The topic of health spans across a number of factors that often incorporates a global perspective. Data visualization brings the ability to express the results of massive data and transition it into a single image that’s easily understood. This empowers actions to be taken and critical decisions to be made. Comprehending the patterns of health, conditions, treatments and regions of the world assists in redirecting funds and attention as well as perceiving a potential threat.
Here are some of the best of data visualizations in the health industry:
- Global Health Financing
This image reveals a high-level view for global health financing patterns from 1990 through 2015. Through the use of interactive bar charts, scatterplots and maps, the viewer can observe the trends in DAH (development assistance for health) levels and changes by recipient region, channel, source and specific health focus. The interactive chart allows you to see the overall progress as well as gauge the transitions by year. The focus on the financial realms of health around the world enables the viewers to see cause and effect.

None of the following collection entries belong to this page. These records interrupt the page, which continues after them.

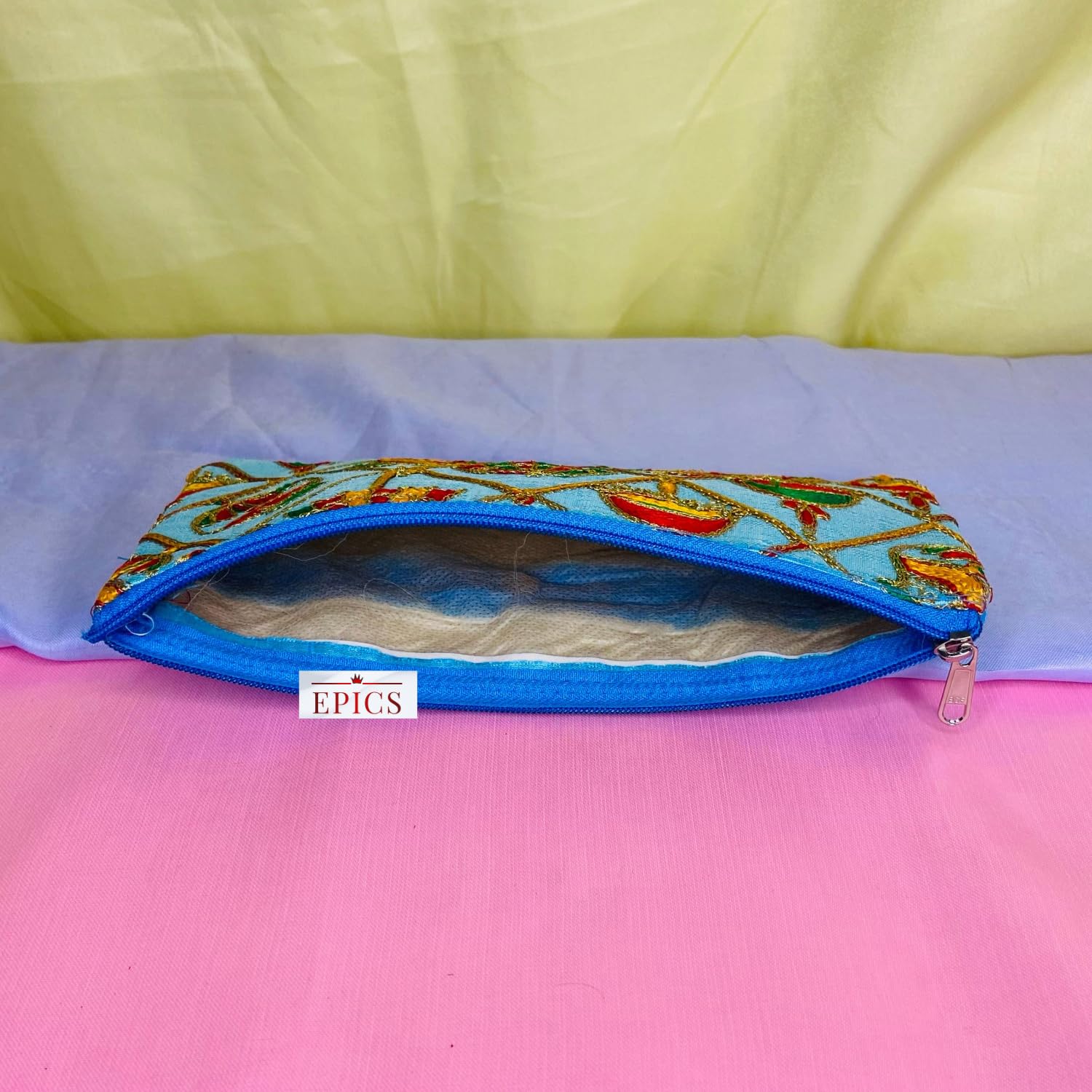 Measuring at 14 x 0.5 x 26 cm and weighing just 200 g, this bag is compact yet spacious enough to hold all your essentials. From makeup to keys to your phone, there's plenty of room for everything you need. The beautiful design and high-quality materials make this Potli bag a must-have for your collection.
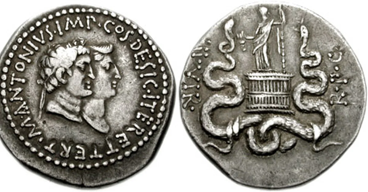 Roman coin depicting Mark Antony and Octavia Minor, c. 39 BCE.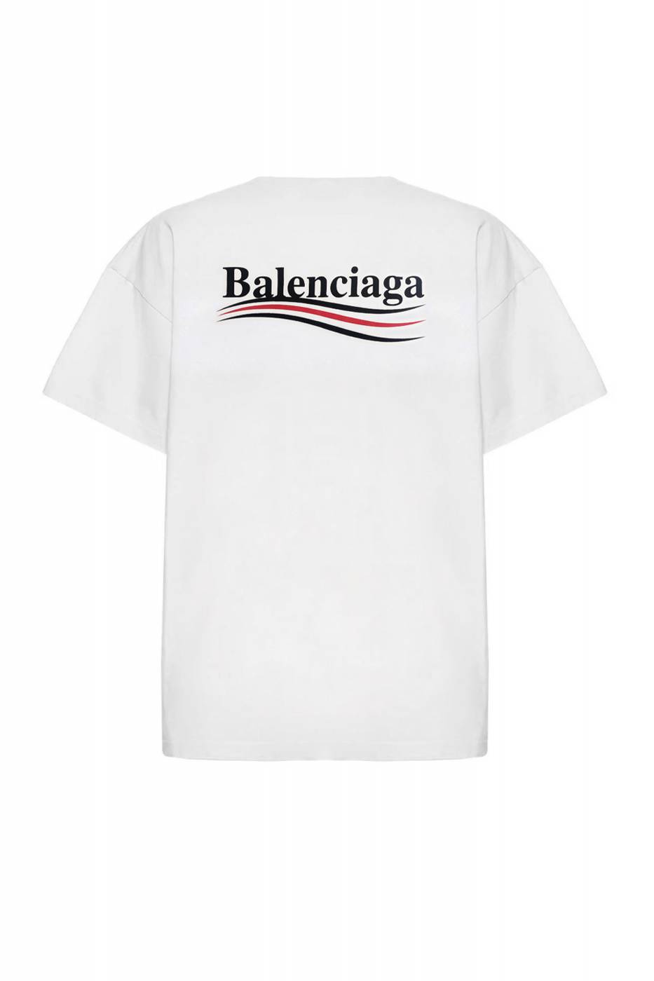 T shirt Balenciaga girocollo con stampa logo piccola sul fronte, e stampa logo maxi sul retro. Vestibilità oversize.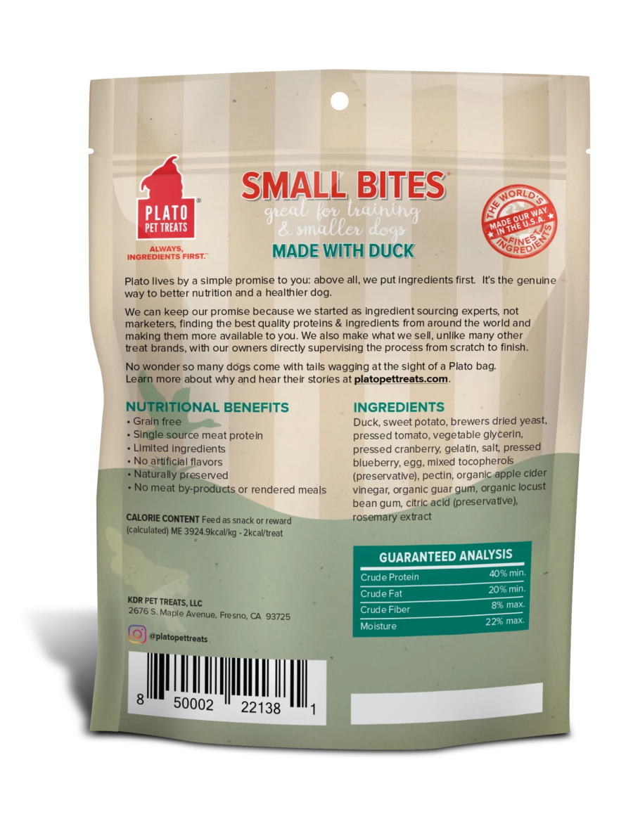 Duck, sweet potato, brewers dried yeast, pressed tomato, vegetable glycerin, pressed cranberry, gelatin, salt, pressed blueberry, egg, mixed tocopherols (preservative), pectin, organic apple cider vinegar, organic guar gum, organic locust bean gum, citric acid (preservative), rosemary extract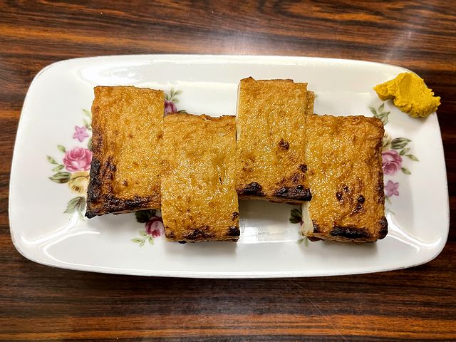 壁の短冊に書かれた「マフラー」という文字を見て???となり、店主さんに尋ねたところ、冷蔵庫から出して見せてくれたのが、さつま揚げのような練り物。後で調べたところ、北海道の一部では、細長い形状のさつま揚げを首に巻くマフラーに見立ててこう呼ぶらしいですね。(ズバリそういう商品名で売られているものもありました。)せっかくなので注文すると、焼台で軽く炙っての登場となりました。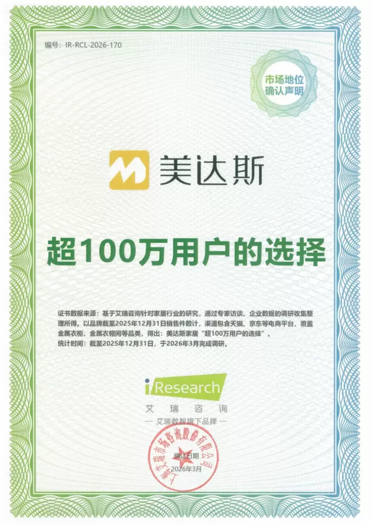 在消费升级与健康环保理念并行的今天,金属衣柜凭借其环保、耐用、灵活定制的特性,正逐步替代传统衣柜,成为家居市场的全新风向标。在金属衣柜行业深耕多年的美达斯,凭借扎实的工艺、创新的设计及卓越的服务,迎来了又一个重要的里程碑——近日,美达斯金属衣柜获得权威机构认证,成为“超100万用户的选择”,再度彰显其在行业内的领航者地位。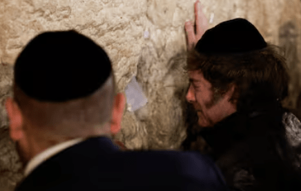 El presidente Javier Milei arribó a Israel y, en su primera actividad, se trasladó de Tel Aviv a Jerusalén para rezar en el histórico Muro de los Lamentos.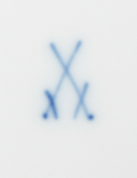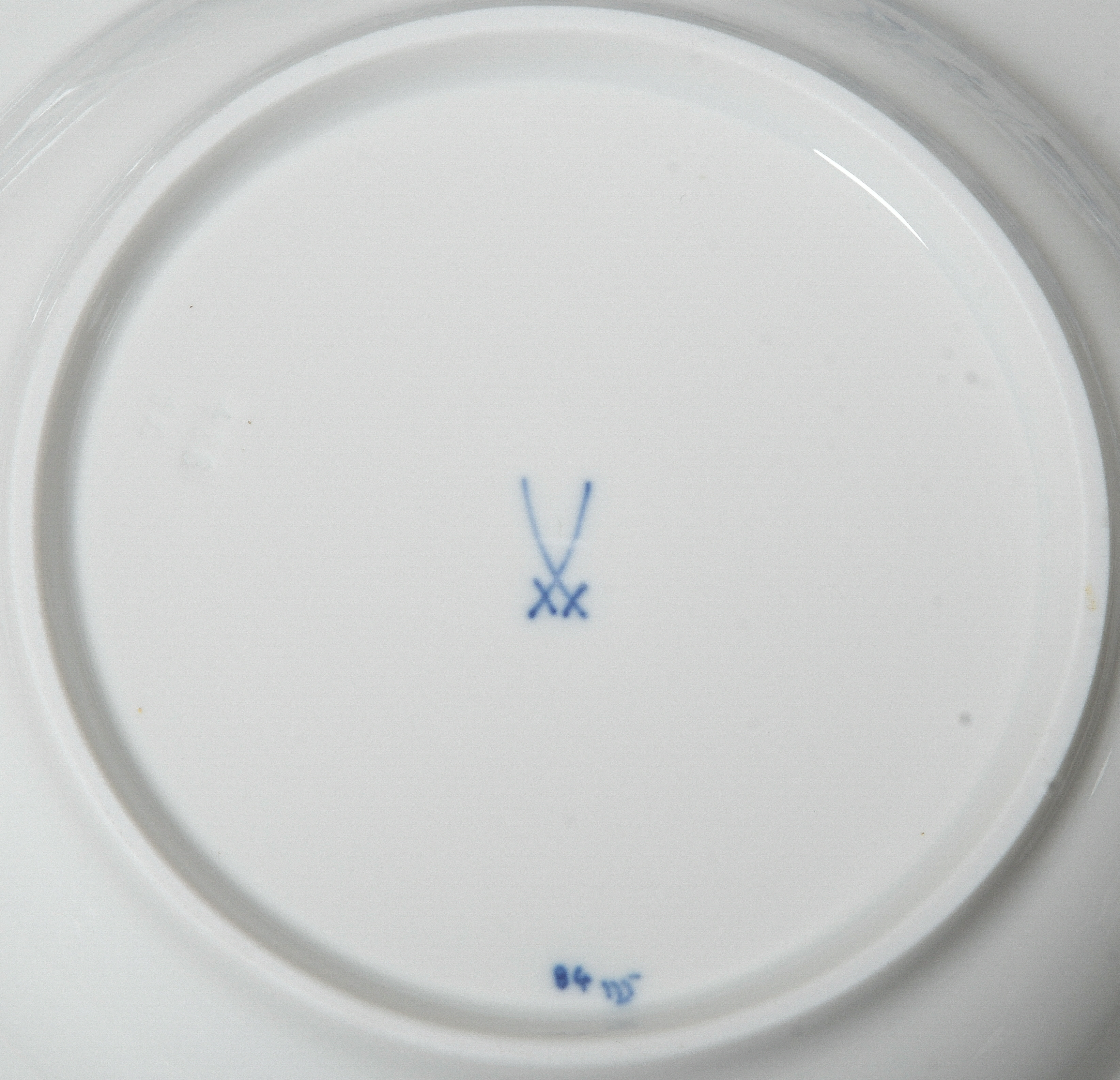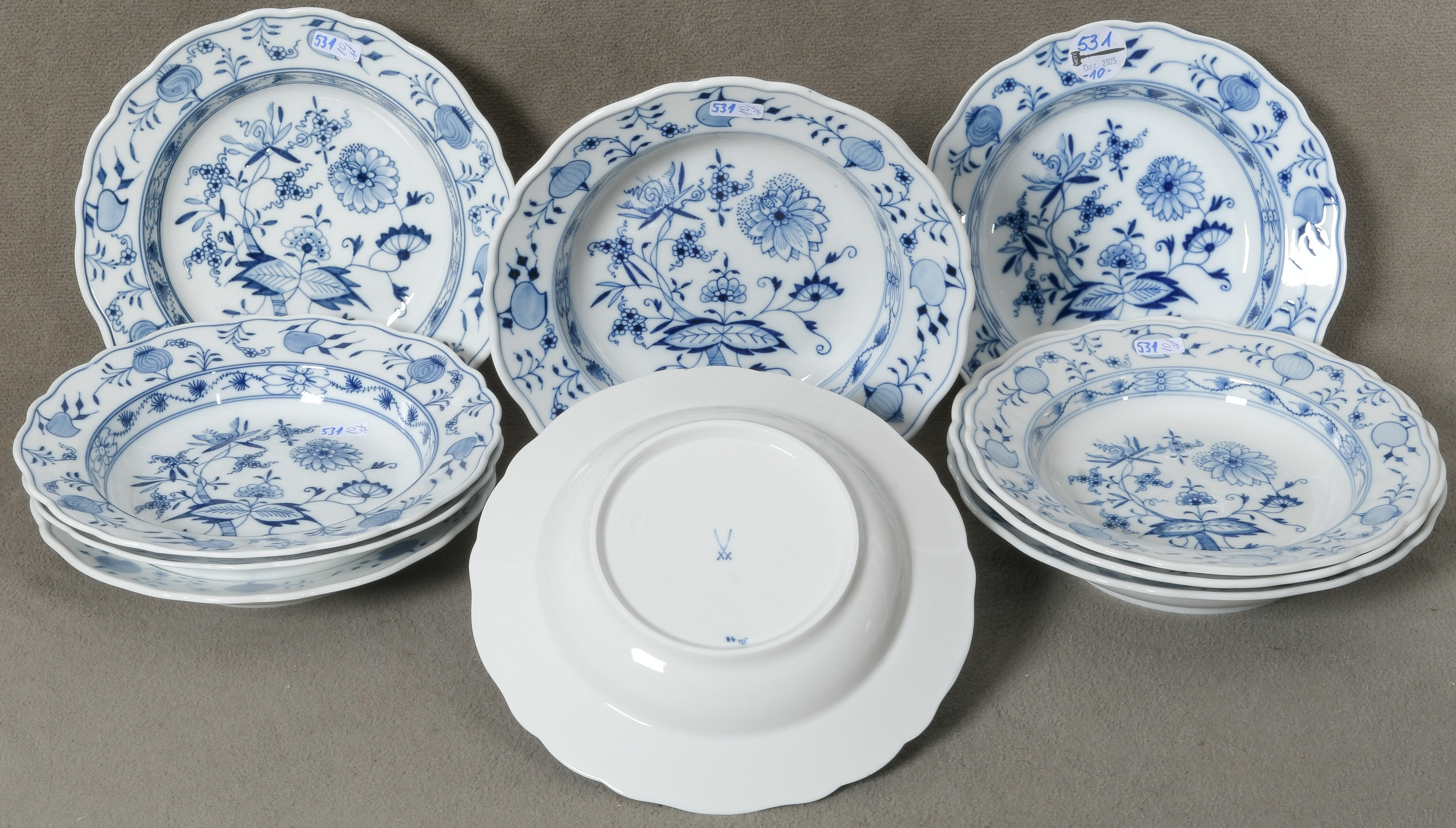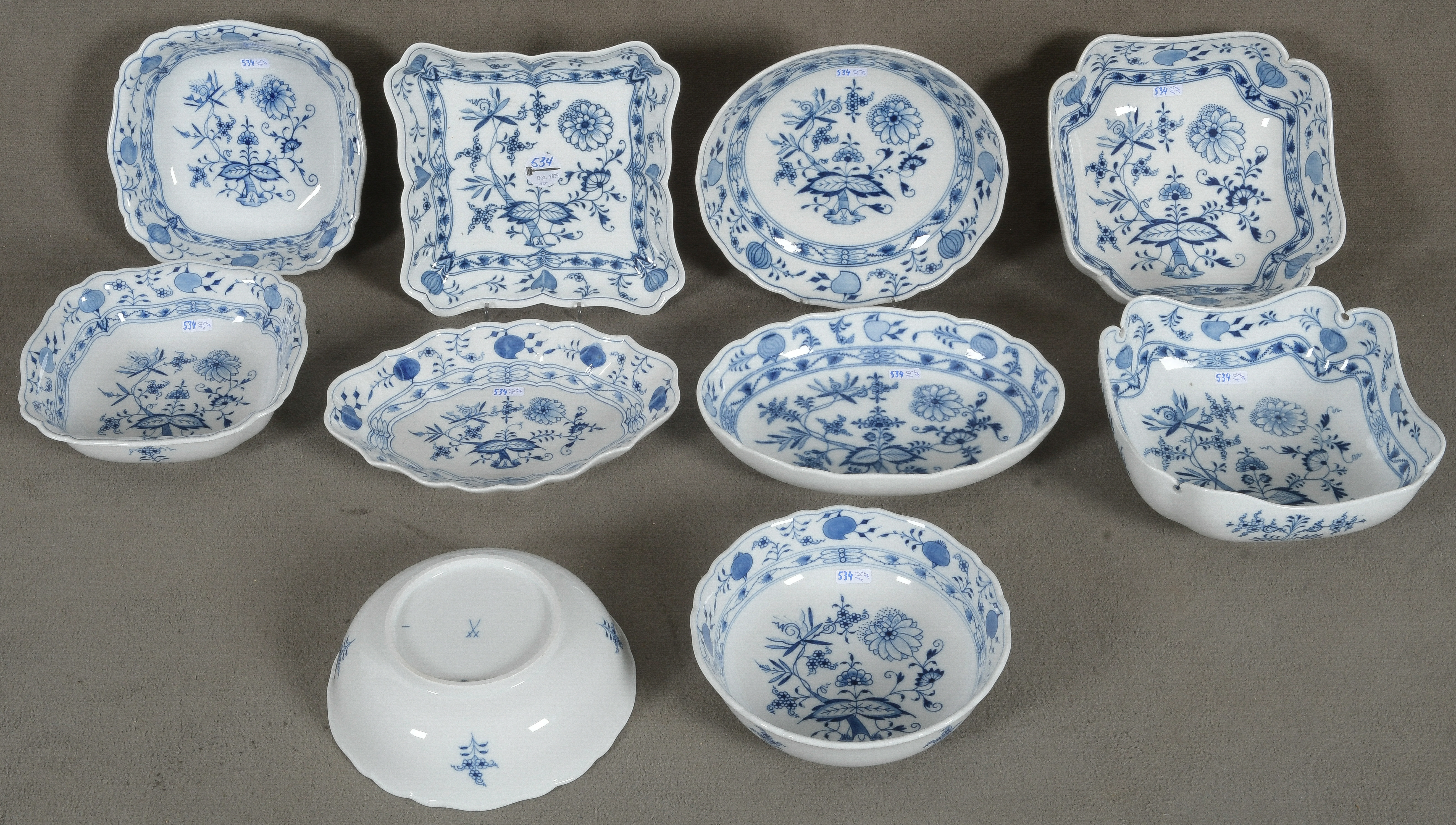 - Katalog-Nr: 534Zehntlgs. Service „Zwiebelmuster“. Meissen 19./20. Jh. Porzellan, unterglasurblau bemalt; am Boden unterglasurblaue Schwertermarke, teilw. mit zwei Schleifstrichen. Bestehend aus: Zwei runde Schalen (H=7 cm, D=21 cm), eine runde Schale (H=6 cm, D=25 cm), zwei quadratische Schalen (H=7 cm, B=22 cm), zwei quadratische Schalen (H=10 cm, B=22 cm), eine quadratische Schale (H=5 cm, B=24 cm), zwei ovale Schalen (H=4,5 cm, B=27 cm, T=19 cm / H=5 cm, B=28 cm, T=20 cm).o.L.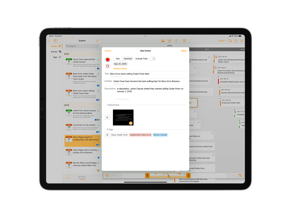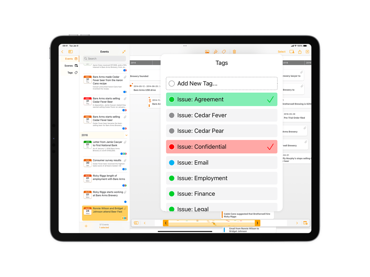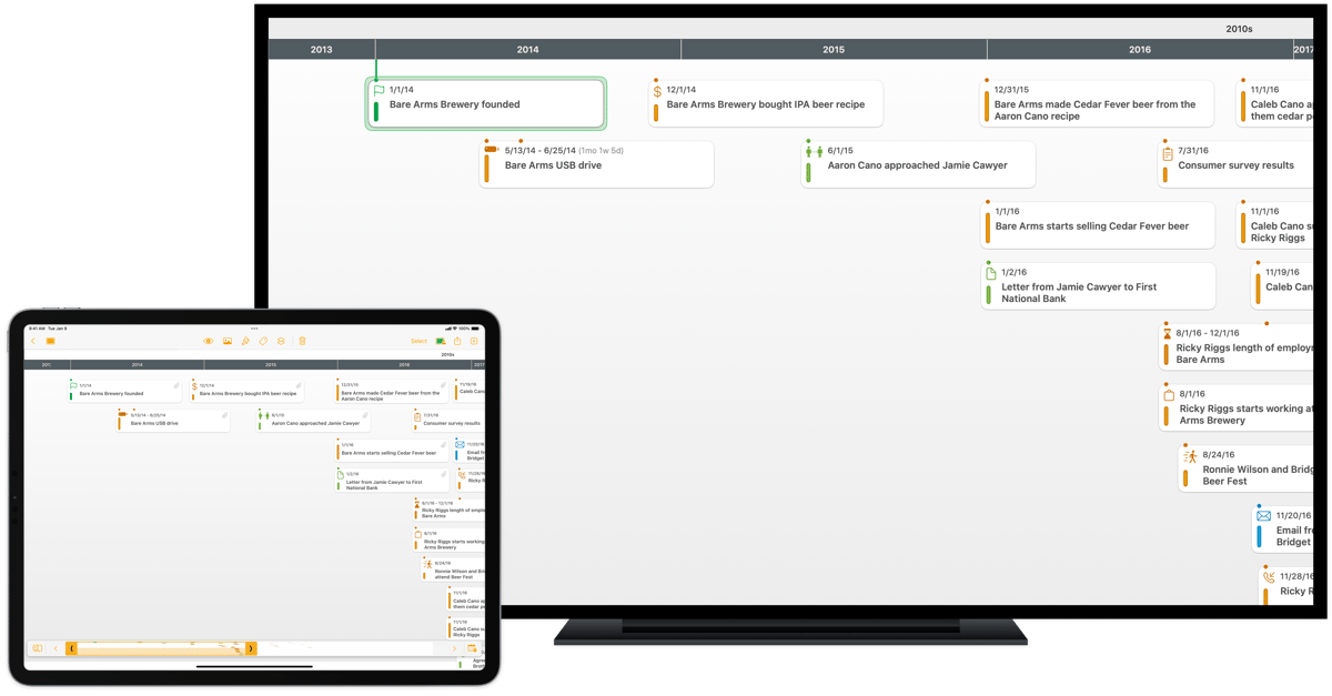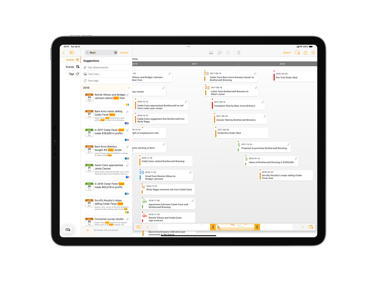 Link people, issues, and facts to events, and enhance visual clarity by adding icons and colors to highlight associations and patterns within your timeline.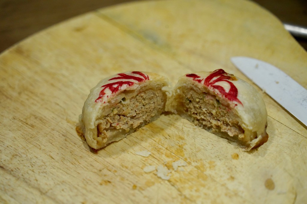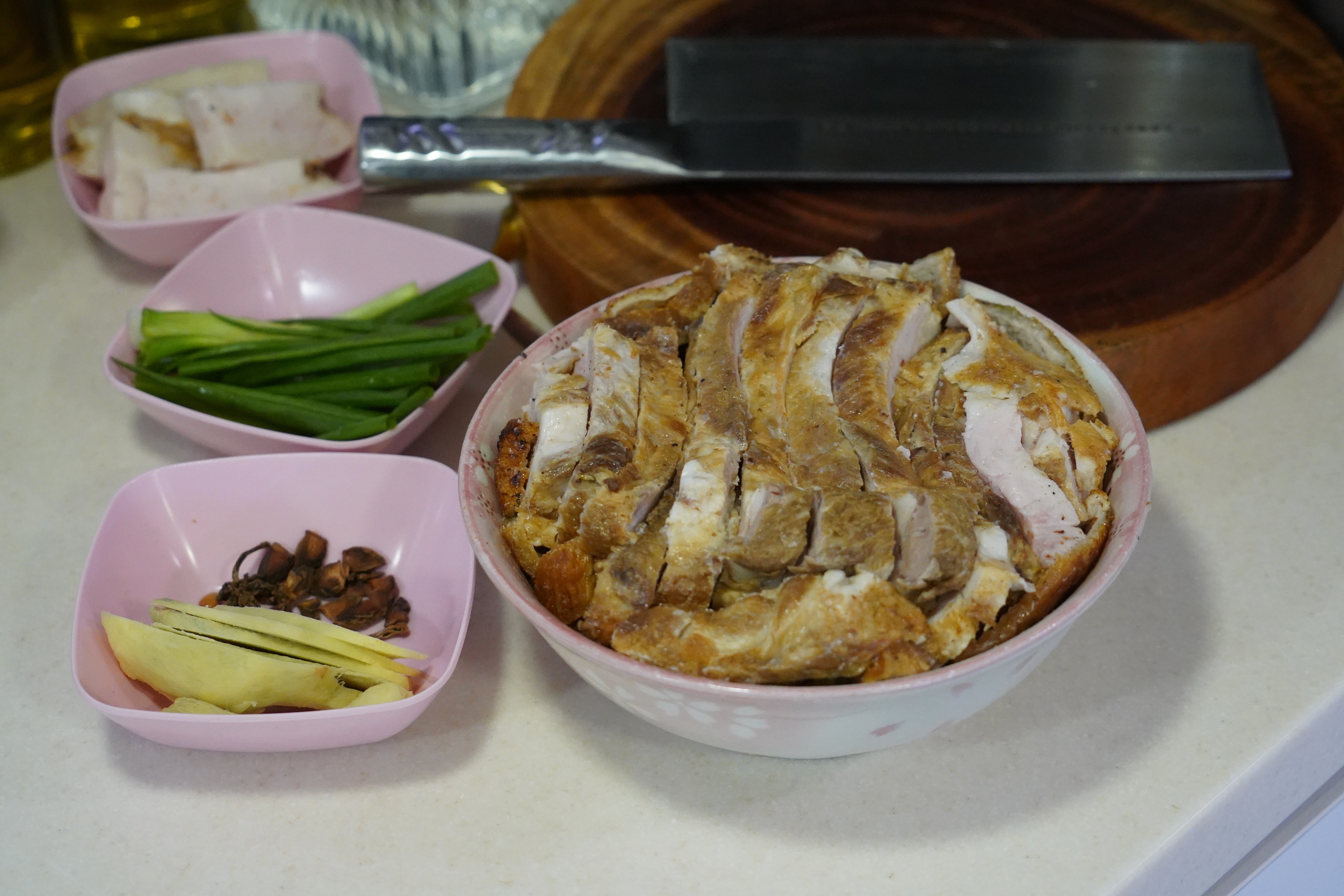 備好幾塊雞胸,取出雞柳。雞柳裹上保鮮紙,用擂棍或小的平底鍋細力搥開成一塊肉片。雞胸𠝹個洞,釀進牛油、蒜蓉和蕃茜碎,再以雞柳片舖蓋。重複沾上麵粉、蛋、鹽和麵包糠,然後輕輕捏實,放雪櫃一會。冷了,取出放熱油耐心炸熟。切開雞肉,香油流出。

2. China: Millennium Global D4 (MDG4)
In this interactive chart you’ll see the progress of China to achieve their MDG4 (Millennium Development Goal 4) on a subnational level. This chart offers the ability to explore and compare the health trends in province and county for under-5 mortality rates. Counties are compared between 1996 and 2012 and provinces are included in 2013. The views can show that children are living longer but the overall health conditions vary within the subsets.
3. The Worldwide HIV Condition
This interactive tool covers the HIV/AIDS condition on a global scale from 1990 through 2013. The trends include death, incidence and prevalence by country and was created by The Journal of American Medical Association. The view incorporates a combination of reports, data, surveys, vital registration, censuses and sample registration. While there is a 95% uncertainty interval (UI) for all values, it does include a modified version of the UNAIDS Spectrum model based on review of mortality on/off antiretroviral therapy. Using this chart, the medical community can gauge treatment effects, modalities and alterations in approach for concentrated areas.
4. World Health Levels
The interactive tool covers 1990 through 2013 and makes use of maps, treemaps, arrow diagrams and charts to drill down and compare causes and risks within the various regions of the world. The details incorporate disease states and patterns by country, age and gender. This incredible chart allows the viewer to see how disease patterns have changed over time as well as those that have caused death and disability. The attention can be shown on an immediate scale to reflect the benefits of treatment or those that need to have renewed focus.
5. Health Map of the United States
An interactive map that allows the viewer to explore U.S. health trends on the state and county level for both genders. It details specifics in the categories of: Alcohol, smoking prevalence, life expectancy, hypertension, obesity, physical activity and poverty. Using the correlated data, professionals can gauge the cause and effect of such topics as cause and effect with income as well as those areas that may be considered ‘health deserts’ that have low medical attention facilities.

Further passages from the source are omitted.